● TRY IT:
Go through the data below and copy each line that includes "your".

● EXERCISE INPUTS:
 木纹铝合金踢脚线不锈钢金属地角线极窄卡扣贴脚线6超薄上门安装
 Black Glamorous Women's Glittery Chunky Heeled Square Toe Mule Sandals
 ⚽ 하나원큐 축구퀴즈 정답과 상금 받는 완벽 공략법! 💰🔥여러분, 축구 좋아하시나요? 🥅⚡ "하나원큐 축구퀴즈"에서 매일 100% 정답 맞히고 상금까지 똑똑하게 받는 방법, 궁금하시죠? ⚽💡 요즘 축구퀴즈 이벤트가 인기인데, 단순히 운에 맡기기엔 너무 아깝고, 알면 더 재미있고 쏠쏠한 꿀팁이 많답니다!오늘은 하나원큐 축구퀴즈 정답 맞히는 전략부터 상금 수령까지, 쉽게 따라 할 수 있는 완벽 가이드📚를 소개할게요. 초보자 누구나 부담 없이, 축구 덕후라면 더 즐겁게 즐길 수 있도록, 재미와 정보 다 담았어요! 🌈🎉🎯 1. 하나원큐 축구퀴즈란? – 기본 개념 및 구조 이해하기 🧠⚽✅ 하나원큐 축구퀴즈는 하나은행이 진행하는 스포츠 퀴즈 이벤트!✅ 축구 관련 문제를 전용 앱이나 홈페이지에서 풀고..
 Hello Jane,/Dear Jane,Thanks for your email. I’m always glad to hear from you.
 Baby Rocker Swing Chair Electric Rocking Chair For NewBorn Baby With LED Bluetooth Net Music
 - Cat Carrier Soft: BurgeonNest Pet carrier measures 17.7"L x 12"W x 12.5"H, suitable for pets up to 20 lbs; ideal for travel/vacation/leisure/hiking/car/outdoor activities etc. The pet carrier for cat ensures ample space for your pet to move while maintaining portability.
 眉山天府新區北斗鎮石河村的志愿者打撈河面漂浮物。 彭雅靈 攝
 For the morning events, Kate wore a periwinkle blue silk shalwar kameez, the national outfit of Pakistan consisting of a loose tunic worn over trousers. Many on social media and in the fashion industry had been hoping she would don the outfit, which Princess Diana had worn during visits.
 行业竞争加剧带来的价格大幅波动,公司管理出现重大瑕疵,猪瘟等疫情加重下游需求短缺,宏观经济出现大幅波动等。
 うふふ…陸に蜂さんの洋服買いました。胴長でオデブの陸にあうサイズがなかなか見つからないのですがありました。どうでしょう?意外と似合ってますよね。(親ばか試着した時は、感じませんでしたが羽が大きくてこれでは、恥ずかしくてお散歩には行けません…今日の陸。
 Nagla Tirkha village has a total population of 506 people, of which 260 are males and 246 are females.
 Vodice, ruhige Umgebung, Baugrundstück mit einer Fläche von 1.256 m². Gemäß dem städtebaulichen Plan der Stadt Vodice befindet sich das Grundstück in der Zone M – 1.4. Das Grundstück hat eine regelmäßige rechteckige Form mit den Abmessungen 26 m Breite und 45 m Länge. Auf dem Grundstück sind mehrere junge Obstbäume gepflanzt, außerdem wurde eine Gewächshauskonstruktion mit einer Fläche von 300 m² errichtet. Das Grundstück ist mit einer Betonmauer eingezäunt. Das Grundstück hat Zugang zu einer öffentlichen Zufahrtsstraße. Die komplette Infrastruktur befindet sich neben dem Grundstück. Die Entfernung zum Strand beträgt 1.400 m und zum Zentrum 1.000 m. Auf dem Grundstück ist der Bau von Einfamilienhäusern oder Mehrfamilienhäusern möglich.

● WRITTEN RESPONSE:
 Hello Jane,/Dear Jane,Thanks for your email. I’m always glad to hear from you.
 - Cat Carrier Soft: BurgeonNest Pet carrier measures 17.7"L x 12"W x 12.5"H, suitable for pets up to 20 lbs; ideal for travel/vacation/leisure/hiking/car/outdoor activities etc. The pet carrier for cat ensures ample space for your pet to move while maintaining portability.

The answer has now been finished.